New Power Supply and Modification Projects for Domestic and Business Sectors

July 13, 2018

Electrical connections can be seen hooking homes and businesses to the grid all over Australia. That network, constructed from over 5000 kilometres of cable, branches and subdivides, but the lines don't actually stop until they arrive at a local substation. Here's where a seasoned electrical contractor takes over. Tasked with linking the gap between this power-distributing node and a domestic neighbourhood, the first trench is going in right now.

New Neighbourhood Power Supplies

Just like the step-down design used in a developed nation's grid, a new power supply, one that's intended as a home electricity link, moves downwards in output as it travels into a home. The trench enters the property, a wire-armoured cable, coated in double-insulated rubber or plastic, enters a central electrical distribution board, and the cables reduce in size once more as they snake their way out of a fuse board. Incidentally, wire fuses are mostly a thing of the past because of resettable circuit breakers.
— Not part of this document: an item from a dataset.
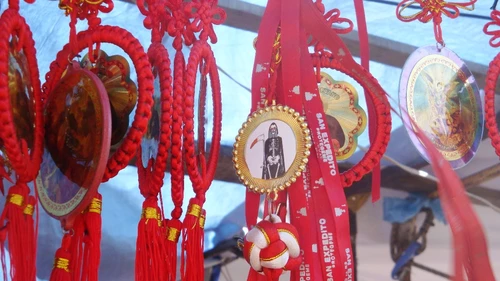 Jesús, María, los santos y estampitas de Francisco. San La Muerte, el Gauchito Gil, la cintita roja contra la envidia y hasta el gatito oriental de la fortuna, que mueve su bracito. Mientras haya espacio para la fe, también habrá espacio para los amuletos, “oficiales” o paganos, en las fiestas religiosas.

Containing no more than three or four conductors, the wiring delivers 240-Volts of power, which splits at the distribution board, before it heads off to the various lighting circuits and plugs on the property.

Installing Business Sector Power

Here's a harder project, one that requires a group of electrical technicians and engineers who are up to the job. This time around, the distribution board occupies an entire room. Also, instead of a 240-Volt single-phase system, there's three-phase 415-Volt cabling entering the larger building. And, since this imaginary structure occupies several floors, busbars are travelling inside a trunking system. As the metal rods travel up the building, the office floors take "tappings" from the bars, and those linkages enter yet another distribution board, one that provides power to each individual floor.

Modifications and Regulatory Restrictions

An older home has just gained an extension. Meanwhile, down in the business district, a flourishing company is expanding to deal with the demands of success. As each building's electrical capacity increases, the system starts to experience a power overload. Modification projects often cause such problems. The building is still occupied, and the circuit breakers are tripping every time someone puts on a kettle. Maybe the substation switchgear needs upgrading, or it's the cables that need a high-diameter boost. Then there are circuit breakers in distribution boards to replace, cable resizing issues to solve, and much more.

What does an electrical contractor do before he rips up pavements and roadways? There are loading measurements to take in the building. Material costing charts also require attention. Then, tying it all together, there are volumes of regulation-packed books to pore over. They help with transformer upgrades, load discrimination, and every other project-relevant installation factor.